Publication Detail
Uncle Sam at the Gas Pump: Causes and Consequences of Regulating Gasoline Distribution
UCD-ITS-RP-93-06 Research Report Download PDF |
Suggested Citation:
Borenstein, Severin and Richard Gilbert (1993) Uncle Sam at the Gas Pump: Causes and Consequences of Regulating Gasoline Distribution. Institute of Transportation Studies, University of California, Davis, Research Report UCD-ITS-RP-93-06
The gasoline distribution industry has attracted more than its share of legislation to regulate prices and the means of supply.
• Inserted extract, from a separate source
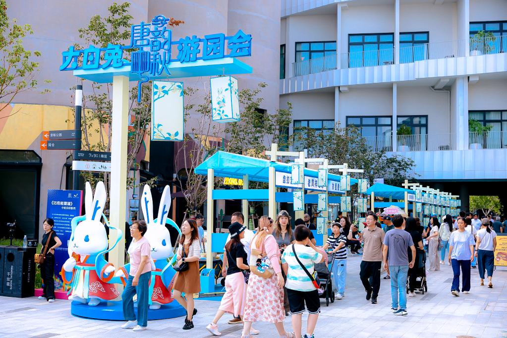 在上海市徐汇区,一场“色香味俱全”的“唐韵中秋”游园会正在上演。这个已有20余年历史的节庆活动与老字号“大白兔”携手,分别在西岸梦中心、上海南站、龙华会、鑫耀·光环Live等地标,设立快闪店和非遗市集,举办快闪活动等,邀请人们跟着“大白兔”扮演的“唐韵兔”感受徐汇区历史文化和时尚生活。
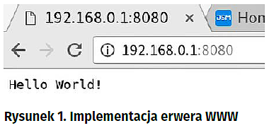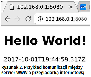 Jeżeli próba uruchomienia skryptu została zakończona sukcesem, wpisując w oknie przeglądarki adres IP podłączonego do sieci komputera VisionSOM, zobaczymy pierwszy rezultat działania serwera WWW, jak pokazano na rysunku 1.

The Petroleum Marketing Practices Act of 1978 restricts the ability of integrated refiners – those oil refining companies that have both company-operated and franchised retail stations – to terminate franchise agreements and prohibits subsidization of gasoline marketing operations with funds from other petroleum-related operations. Five states have enacted laws that entirely prohibit gasoline refiners from directly operating retail gasoline stations. Recently, legislation has been proposed in the House and Senate to "enhance" competition in the gasoline distribution industry. These proposals generally require an integrated refiner to set prices at its company-operated retail stations above its wholesale prices by the full cost of retail distribution and marketing. The bills are argued to enhance competition by protecting independent gasoline retailers from alleged predatory behavior by integrated refiners. In the absence of such legislation, the proponents argue, integrated refiners will squeeze retail margins to the point that they will drive the independent retailers out of business. In response to such concerns, these bills would also prohibit any attempt by an integrated refiner to limit or reduce the retail prices that its franchised dealers charge. Are there problems in retail distribution of gasoline that need fixing? Would the legislation currently under consideration in Congress be effective in addressing these problems? We review the evidence and find that claims for needed regulation are at best difficult to substantiate. The arguments made to support the claims are flawed both in their economic reasoning and their interpretation of the facts. Furthermore, the possible disruptions of efficient market operation that could result from the proposed bills range from intermittent inconvenience and above-cost pricing to long run inefficiencies causing higher prices and possible supply disruptions.